We report methodology for pooled hybridization capture with pre-enrichment, indexed multiplexing of up to 48 individuals or non-indexed pooled sequencing of up to 92 individuals with as little as 70 ng of DNA per person. Modified solid phase reversible immobilization bead purification strategies enable no sample transfers from sonication in 96-well plates through adapter ligation, resulting in 50% less library preparation reagent consumption. Custom Y-shaped adapters containing novel 7 base pair index sequences with a Hamming distance of ≥2 were directly ligated onto fragmented source DNA eliminating the need for PCR to incorporate indexes, and was followed by a custom blocking strategy using a single oligonucleotide regardless of index sequence. These results were obtained aligning raw reads against the entire genome using Novoalign followed by variant calling of non-indexed pools using SPLINTER or SAMtools for indexed samples. With these pipelines, we find sensitivity and specificity of 99.4% and 99.7% for pooled exome sequencing. Sensitivity, and to a lesser degree specificity, proved to be a function of coverage.
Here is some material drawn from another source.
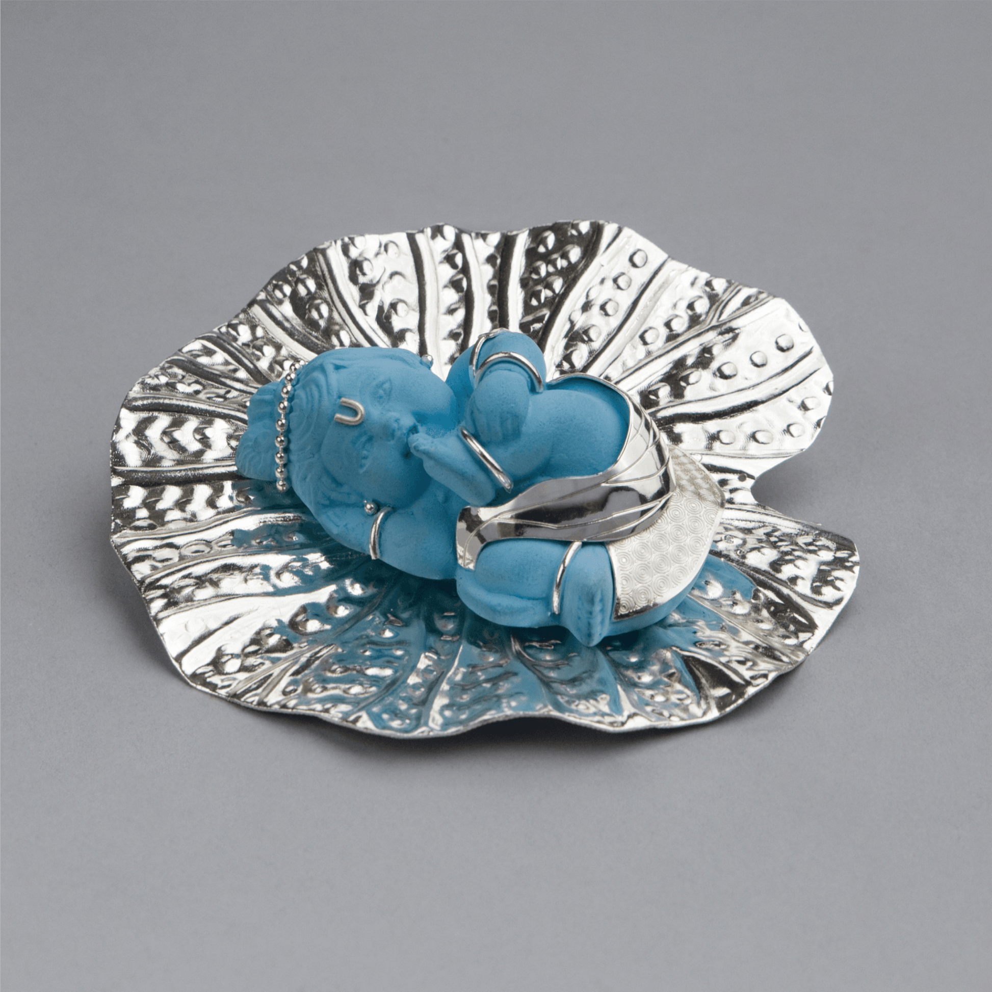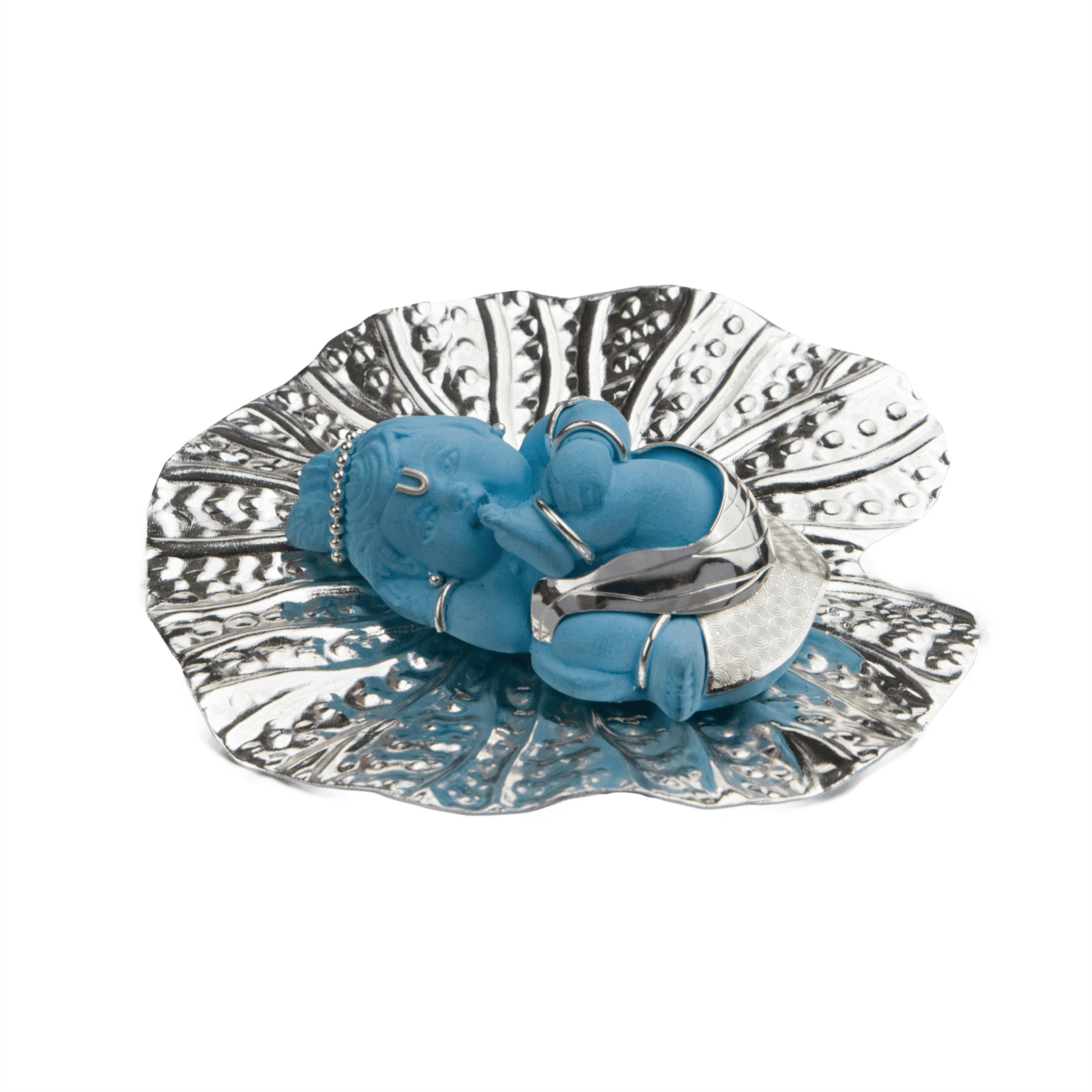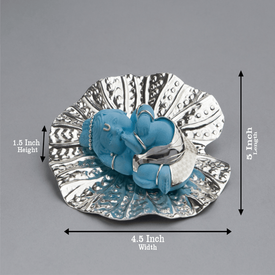 This unique Baby Krishna figurine is crafted from resin and rests on a silver plated metal leaf. This idol is handcrafted by our skilled craftsman to achieve a perfect finish and is apt for gifting or as a keepsake in your pooja room.

For rare variants (≤2% minor allele frequency), we achieved sensitivity and specificity of ≥94.9% and ≥99.99% for custom capture of 2.5 Mb in multiplexed libraries of 22-48 individuals with only ≥5-fold coverage/chromosome, but these parameters improved to ≥98.7 and 100% with 20-fold coverage/chromosome.
This highly scalable methodology enables accurate rare variant detection, with or without individual DNA sample indexing, while reducing the amount of required source DNA and total costs through less hybridization reagent consumption, multi-sample sonication in a standard PCR plate, multiplexed pre-enrichment pooling with a single hybridization and lesser sequencing coverage required to obtain high sensitivity.
人类群体中罕见的遗传变异是病理生理学变异性的主要来源,并与许多复杂表型和疾病有关。发现携带不同功能罕见变异的疾病相关基因需要对许多个体在许多基因组区域进行测序,并与未受影响的队列进行比较。然而,尽管测序成本持续下降,但对大多数研究人员来说,在大型基因组目标区域进行基于人群的罕见变异检测仍然成本过高。此外,DNA 样本通常很珍贵,杂交方法通常需要大量的输入 DNA。 pooled sample DNA sequencing 是一种用于调查个体罕见变异的经济高效的策略。我们着手 1)创建一种可扩展的、带有或不带有个体 DNA 索引的定制捕获的多路复用方法,该方法适用于少量输入 DNA;2)通过将变体调用算法与动态规划对齐器 Novoalign 集成,扩展 SPLINTER 算法用于在候选基因或整个外显子中调用替换、插入和缺失的功能。
我们报告了一种带有预富集的 pooled hybridization capture 方法学,最多可对 48 个个体或多达 92 个个体进行索引多路复用,每个个体的 DNA 量低至 70ng。改良的固相可逆固定珠纯化策略可避免从 96 孔板的超声处理到接头连接的样品转移,从而使文库制备试剂的消耗减少 50%。包含新型 7 碱基对索引序列的 Y 形定制接头与 Hamming 距离≥2 的索引序列直接连接到片段化的源 DNA 上,从而无需 PCR 即可掺入索引,并且随后使用单个寡核苷酸(无论索引序列如何)进行定制阻塞策略。这些结果是通过使用 Novoalign 对原始读数进行全基因组比对,并使用 SPLINTER 或 SAMtools 对非索引池进行变体调用而获得的。使用这些管道,我们发现 pooled exome sequencing 的灵敏度和特异性分别为 99.4%和 99.7%。灵敏度,在较小程度上是特异性,是覆盖范围的函数。对于罕见变异(≤2%的次要等位基因频率),我们在 22-48 个个体的多路复用文库中对 2.5Mb 进行定制捕获时,灵敏度和特异性分别≥94.9%和≥99.99%,并且仅需要≥5 倍覆盖/染色体,但这些参数在 20 倍覆盖/染色体时提高到≥98.7%和 100%。
该高度可扩展的方法学可实现罕见变异的准确检测,无论是带有个体 DNA 样本索引还是不带有个体 DNA 样本索引,同时通过减少杂交试剂的消耗、在标准 PCR 板中进行多样本超声处理、使用单个杂交进行预富集多路复用以及获得高灵敏度所需的较少测序覆盖范围,来减少所需的源 DNA 量和总成本。